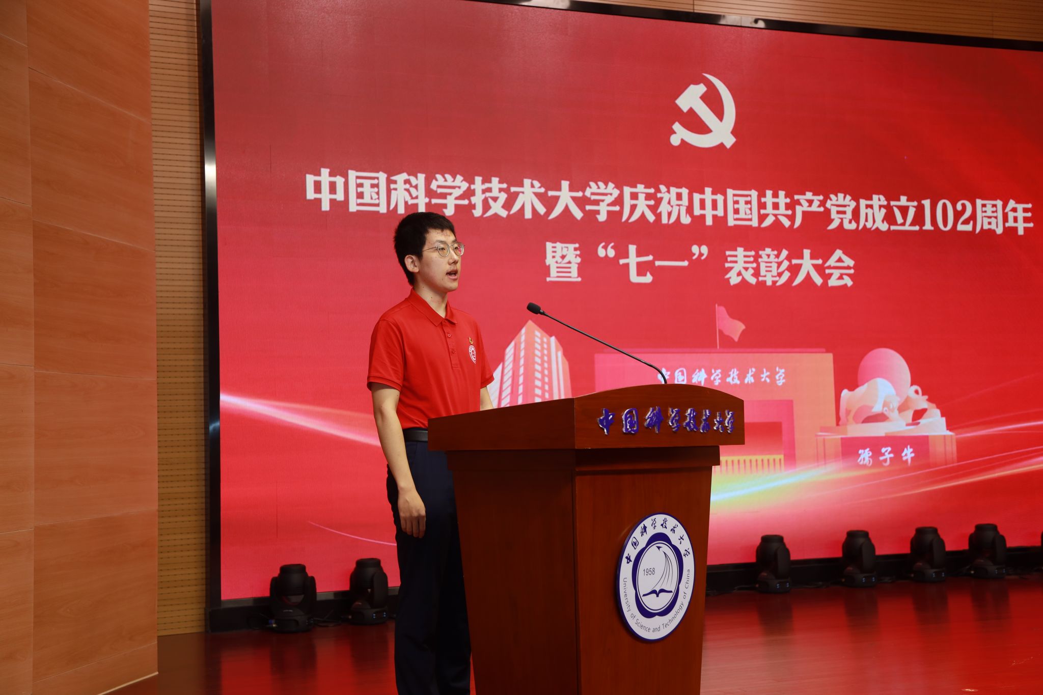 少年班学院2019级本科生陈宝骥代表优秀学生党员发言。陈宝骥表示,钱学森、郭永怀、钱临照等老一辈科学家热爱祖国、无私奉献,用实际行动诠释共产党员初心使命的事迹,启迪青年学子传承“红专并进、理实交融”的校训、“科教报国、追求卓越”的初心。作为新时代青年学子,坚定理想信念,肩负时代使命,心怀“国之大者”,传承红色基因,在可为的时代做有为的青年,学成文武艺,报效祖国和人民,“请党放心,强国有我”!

────────────────

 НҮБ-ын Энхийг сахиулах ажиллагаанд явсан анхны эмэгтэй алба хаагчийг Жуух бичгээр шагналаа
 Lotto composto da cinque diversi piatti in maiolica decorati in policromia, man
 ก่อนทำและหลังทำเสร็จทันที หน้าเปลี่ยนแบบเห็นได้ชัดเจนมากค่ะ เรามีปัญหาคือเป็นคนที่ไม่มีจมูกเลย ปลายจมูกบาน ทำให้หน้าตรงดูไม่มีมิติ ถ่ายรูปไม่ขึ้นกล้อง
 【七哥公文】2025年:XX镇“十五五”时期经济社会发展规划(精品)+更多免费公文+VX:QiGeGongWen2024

────────────────

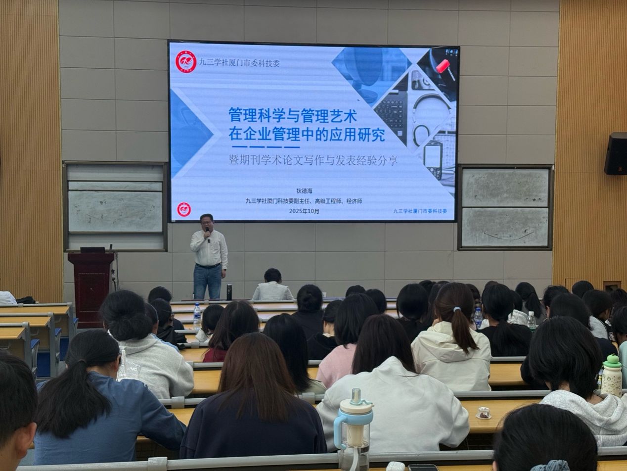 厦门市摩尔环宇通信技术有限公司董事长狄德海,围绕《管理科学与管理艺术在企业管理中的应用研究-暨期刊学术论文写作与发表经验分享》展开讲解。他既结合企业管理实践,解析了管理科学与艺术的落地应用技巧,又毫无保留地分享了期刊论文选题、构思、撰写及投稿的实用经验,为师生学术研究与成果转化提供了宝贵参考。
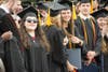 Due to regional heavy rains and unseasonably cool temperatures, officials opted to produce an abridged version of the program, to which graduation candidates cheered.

────────────────

→ Directions for this task
The line holding "厦门市摩尔环宇通信技术有限公" starts the copy and the line holding "Due to regional" ends it. Repeat those two lines above and all between them exactly, leaving out pictures.

→ Your response
 厦门市摩尔环宇通信技术有限公司董事长狄德海,围绕《管理科学与管理艺术在企业管理中的应用研究-暨期刊学术论文写作与发表经验分享》展开讲解。他既结合企业管理实践,解析了管理科学与艺术的落地应用技巧,又毫无保留地分享了期刊论文选题、构思、撰写及投稿的实用经验,为师生学术研究与成果转化提供了宝贵参考。
 Due to regional heavy rains and unseasonably cool temperatures, officials opted to produce an abridged version of the program, to which graduation candidates cheered.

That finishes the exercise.